From the latest issue of Mountain Parent Magazine…
Even if life doesn’t give you lemons … make Lemonade
Two local nonprofit organizations have adopted National Lemonade Day on July 14 giving Roaring Fork Valley kids the tools they need for turning an iconic summertime activity into a primer on how to succeed in business.
There’s nothing quite as quintessentially American as a lemonade stand. It’s baseball, apple pie and bootstraps – all rolled up into one sweet idea, which inspired national Lemonade Day founder Michael Holthouse.
“America was built on the back of small business. Entrepreneurs take risks believing they can realize their dream if they work hard, take responsibility and act as good stewards of their resources,” Holthouse wrote. “Today’s youth share that optimism, but lack the life skills, mentorship and real-world experience necessary to be successful.”

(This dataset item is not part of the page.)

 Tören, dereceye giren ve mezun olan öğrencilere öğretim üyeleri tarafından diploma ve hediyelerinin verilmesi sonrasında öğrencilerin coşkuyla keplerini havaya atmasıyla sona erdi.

Michael Holthouse, INK Magazine Entrepreneur of the Year and founder of the computer network services company Paranet, launched Lemonade Day to inspire tomorrow’s business leaders by giving kids an experience-based way to learn the principals needed to start any business. His lesson-based program grew in 10 years from 2,700 participants in Houston, Texas to over a million children throughout the U.S., including those who joined programs in Aspen, Basalt and Carbondale. Local nonprofit consultant Heather Hicks brought Lemonade Day to the Valley more than 5 years ago after meeting Holthouse at a leadership conference.

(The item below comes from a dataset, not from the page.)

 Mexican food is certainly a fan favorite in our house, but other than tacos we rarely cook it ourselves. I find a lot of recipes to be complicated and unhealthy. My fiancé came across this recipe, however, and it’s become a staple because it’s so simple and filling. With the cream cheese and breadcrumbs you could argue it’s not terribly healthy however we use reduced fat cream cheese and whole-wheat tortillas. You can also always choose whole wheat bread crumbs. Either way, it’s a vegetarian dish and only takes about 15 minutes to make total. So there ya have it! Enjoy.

“I knew this idea would take hold in our community because it is highly engaging. It shows kids how to start with an idea and take it to reality,” Hicks said.
During the week prior to National Lemonade Day, kids ages 11 and up can participate in weeklong classes offered by the Aspen Youth Center and Youth Entity (whose class will be taught through the Art Base in Basalt). The national organization offers an interactive online course, but those who join the local classes enjoy hands-on group activities and mentorship given by the organizations. Plus, each local program recruits contractors who donate materials and labor – providing prefab stands that the kids assemble and decorate in class during the week prior to the big day.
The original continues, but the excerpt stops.